Indian Catholic priest, Jesuit, astronomer, and astrophysics scientist Richard D’Souza has found compelling and conclusive evidence of a galaxy thought to have been lost long ago. It is the third biggest (the Andromeda galaxy is the first, our own Milky Way is the second) in our local group of galaxies.

In an interview with the Hindustan Times, D’Souza said he nearly gave up on the search, like so many astronomers before him. His journey seemed doomed for disappointment until he made a breakthrough.

“People had given up on this and had moved to other problems. We kept plodding along, and finally we had a breakthrough. We realised that we had to unlearn and abandon so many things we thought we knew,” D’Souza said.

The major problem that researchers faced in discovering this new galaxy is that Andromeda is thought to have consumed hundreds, maybe thousands of other galaxies over billions of years. This makes it very difficult to learn about them, as they are now part of Andromeda.

The innovative method D’Souza used with help with future research, and will help discover other galaxies that have been devoured by larger galaxies.

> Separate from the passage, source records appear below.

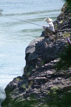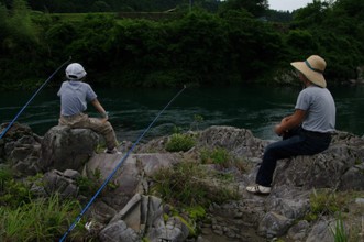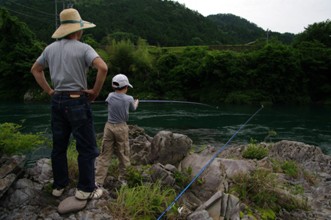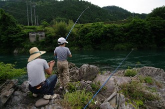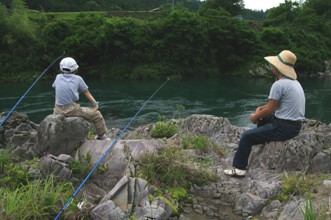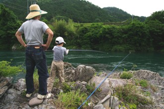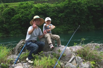 / 山,川,人,子供,帽子,釣り,岩石,河畔植生
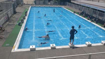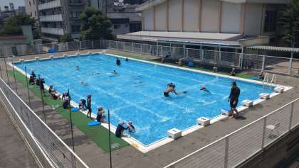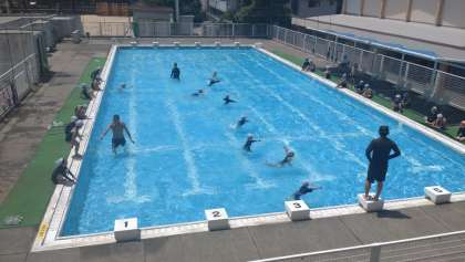 3限目に2年1組のプールがありました。ビート板につかまり、全身の力を抜いて浮くことやけのび、バタ足などの水泳運動に取り組んでいます。
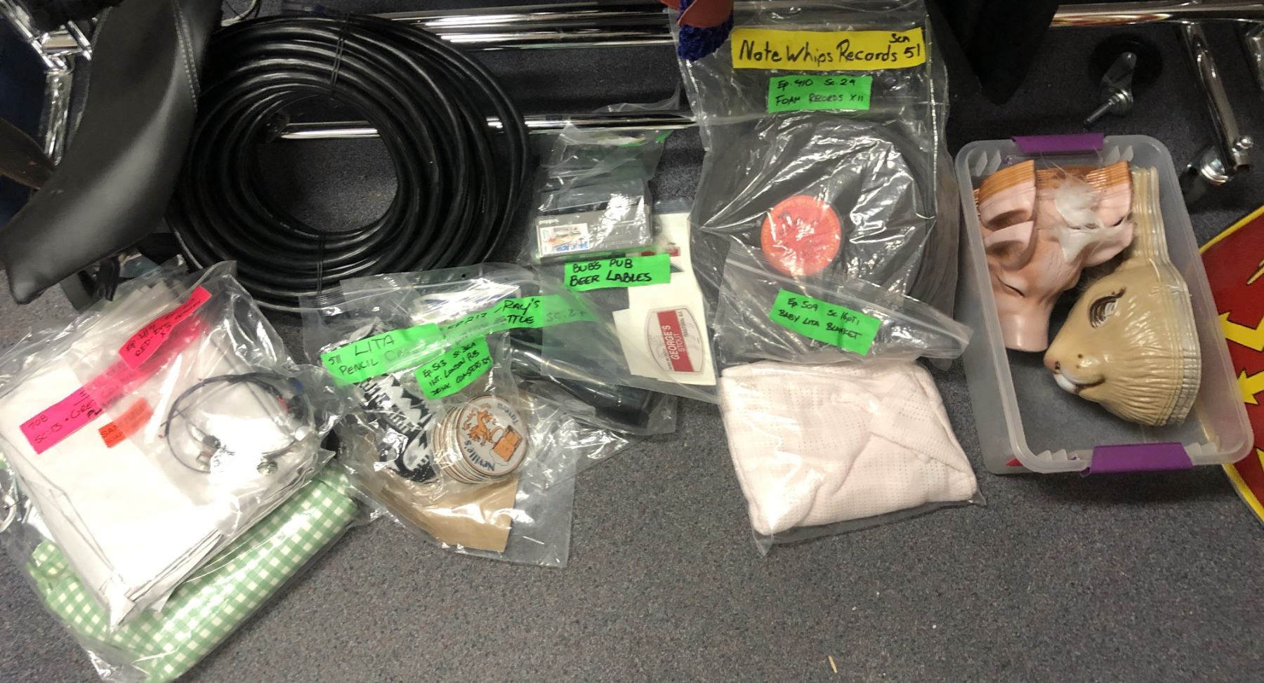 "Superhero Show" Large group of assorted set dec items - includes extension card/pig and rabbits masks/prop foam records/grey coffin/pub drink coasters/red eye glasses etc.
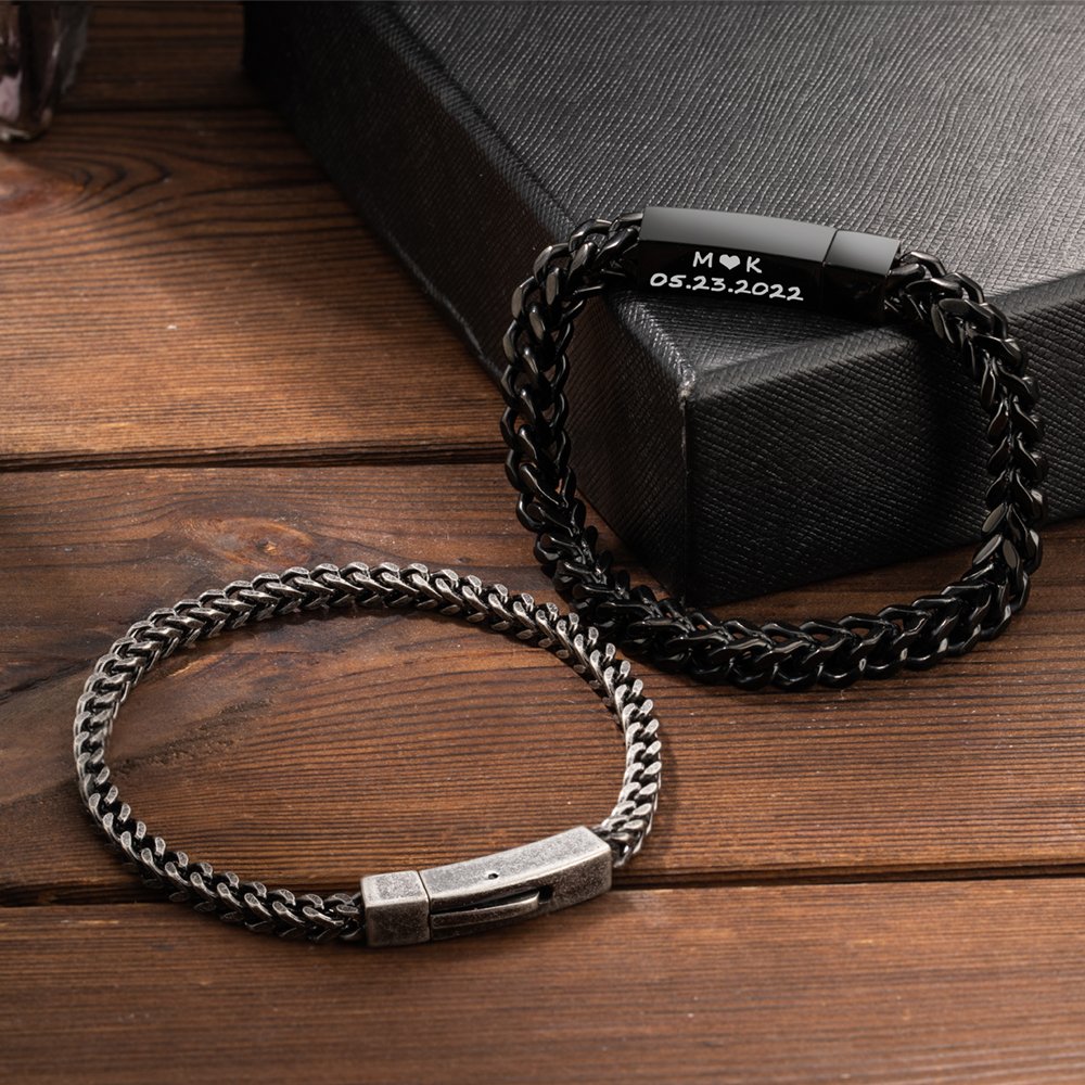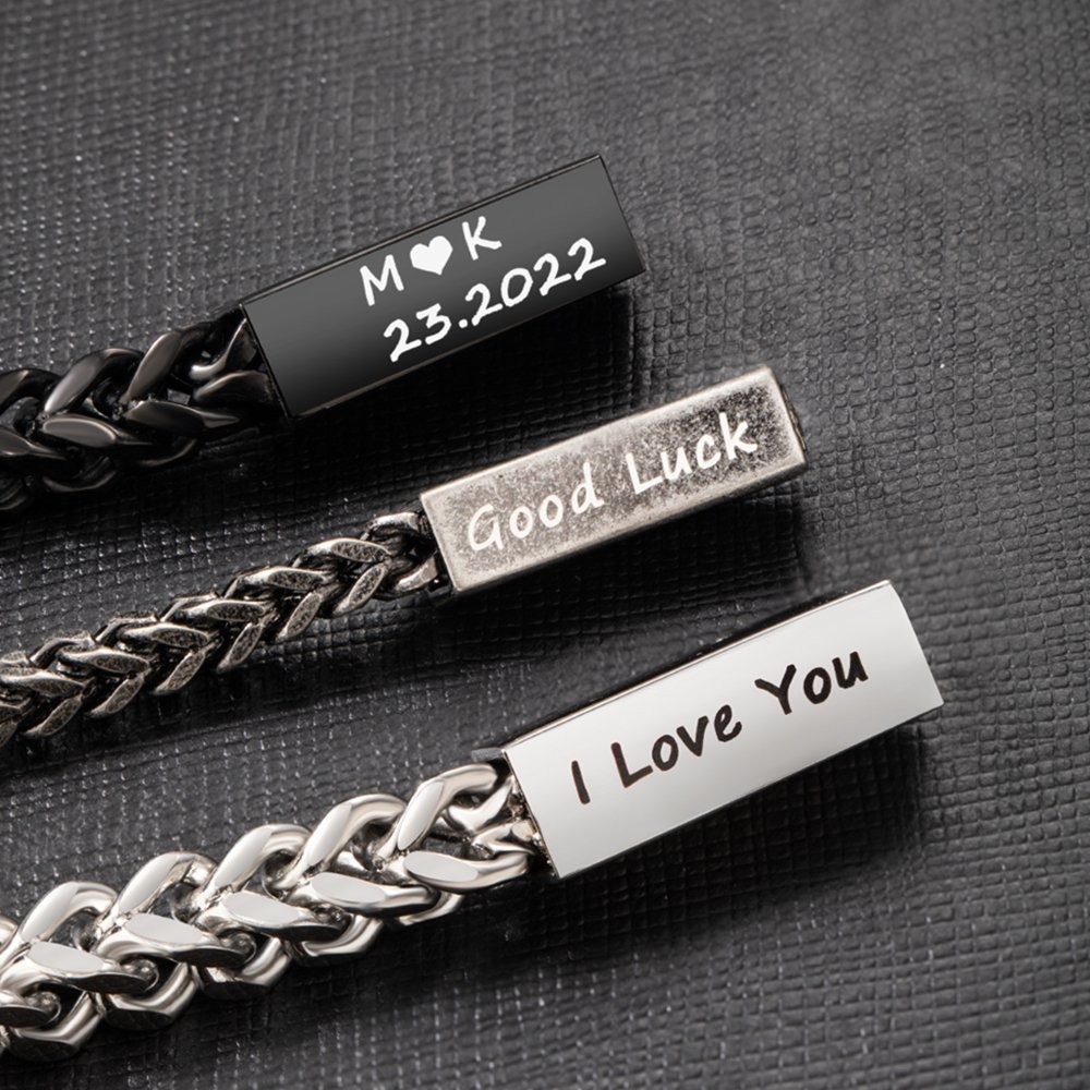 Ce bracelet à maillons en acier titane gravé pour homme est simple et élégant. Il convient aux vêtements de tous les jours et aux activités de plein air telles que les voyages, les fêtes et les occasions formelles. Le style est à la mode et plein de texture, montrant le charme unique des hommes. Cadeau idéal pour lui/père/grand-père/mari/petit ami ou toute autre personne importante pour la Saint-Valentin, Thanksgiving, Noël, anniversaire, etc.
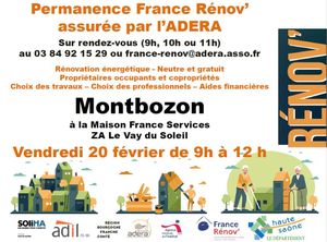 L'Espace Conseil France Rénov' ADERA assurera une permanence sur la Communauté de communes du Pays de Montbozon et du Chanois à Montbozon le vendredi 20 février matin.

D’Souza used a new computer simulation and he was able to extrapolate which stars belonged to Andromeda and which to this long sought after galaxy. Named M32p, this now deceased galaxy has fainter stars than Andromeda, and the stars are clustered around Andromeda’s outer halo. D’Souza’s was then able to determine that these stars were once part of another galaxy.


D’Souza is a Jesuit Catholic priest from Mapusa town in India. He is a staff astronomer of the Vatican observatory in Rome. He is also currently working on his post-doctoral research at the Department of Astronomy at the University of Michigan. It was at the University of Michigan where he discovered M32p.

D’Souza and co-researcher Eric Bell think M32p was cannibalized by Andromeda around 2 billion years ago. Their findings were published in Nature Astronomy in July of 2018. Their research helps astronomers understand how galaxies interact with one another.

“This project was a big risk, but I am glad it paid off. The main thing is that we learned a lot, and we had great fun doing the project,” D’Souza said.

Their discovery could change how galaxies are currently thought to evolve. Traditional thinking is that when large, disk galaxies merge their disks are destroyed and a new elliptical galaxy is formed. However, Andromeda’s disk survived its merger with M32p. The merger, around 2 billion years ago, also coincides with a burst of new star formation in Andromeda, which astronomers previously were unable to explain.